Автор книги: Вячеслав Демидов
Жанр:
Биографии и мемуары
сообщить о нарушении
Текущая страница: 1 (всего у книги 5 страниц)
Вячеслав Демидов
Споры по существу
Эта статья о Н.А.Бернштейне была опубликована в 20-м сборнике «Пути в незнаемое» в 1986 году. Она во многом (и важном) отличается от материала, уже давно стоящего в моём «кабинете». Читатель получит немало новой и для него интересной информации.
Спасибо за внимание!
В.Д.
1
Он знал, что скоро умрет.
Осталось месяцев семь, от силы девять.
«И модель будущего, совсем не потребного, Николай Александрович, трансформируется в реальность настоящего…» Впервые он вот так обратился к себе – в третьем лице, словно на консилиуме у кого-то постороннего. Дайте-ка, коллега, историю болезни…
Так… Бернштейн Николай Александрович, возраст – семьдесят лет, образование – высшее медицинское, член-корреспондент Академии медицинских наук, профессия – психофизиолог… Анамнез… Результаты анализов…
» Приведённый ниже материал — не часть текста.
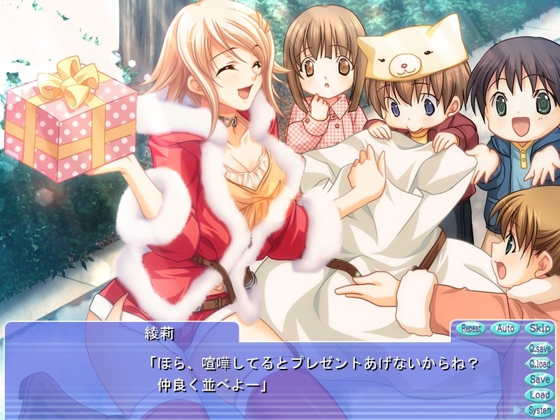 One day, a strange girl wakes the main character, Kanata, up in a strange room. He is taken to school, but he doesn't remember it at all. A while later, he remembers the girl introduced herself to him last night, "I'm Ayari. My job is Santa Claus!" Kanata now completely remembers why he came here ...

А вот анализов не будет. Что толку? Три дня назад он снялся с учета в поликлинике для научных работников, вчера убрали в архив карточку в районной поликлинике: одним сказал, что будет обращаться к другим, тем – что к этим… Ах, как мало времени осталось, как мало!.. Осталось… «Но ты останься тверд, спокоен и угрюм…» Что ж, твердости хватило сказать самому себе жестокую, не оставляющую надежд правду. Карцинома гепари. Рак печени.
Оперировать бессмысленно, ему это было понятно, – дилетант в онкологии, он все-таки хорошо ощущал уровень реальности в медицине. И когда явственно открылось впереди это пустое, черное ничто, он с непоколебимой решительностью приказал себе: «Ни слова. Никому». Так никто не будет знать. Скажи – начнут охать, соболезновать, заботиться, мешать… Они никогда не поймут, что чем меньше времени, тем отчаяннее надо вступить с ним в гонку. Успеть.
А природу не перехитришь, умирать от чего-то все равно придется, и, значит, выпал такой билет... Оперируй не оперируй эту гадость… Не надо о ней думать… Вычистить из сознания. Вычистить!.. Гнусно она давит в правом подреберье… Карцинома гепари…
Год назад, когда стало ясно, ч т о выводит его на последние шаги, он позвал к себе всех, кто был ему дорог и близок по духу. Они пришли, такие молодые рядом с ним... молодые, возбужденные весной, физиологи, математики, психологи, конструкторы, и маститые, чьи имена делали честь престижным журналам и издательствам, где печатались их работы, и еще только начинающие, не осознавшие до конца своего таланта, видного ему, слегка робевшие при виде «ученых мужей».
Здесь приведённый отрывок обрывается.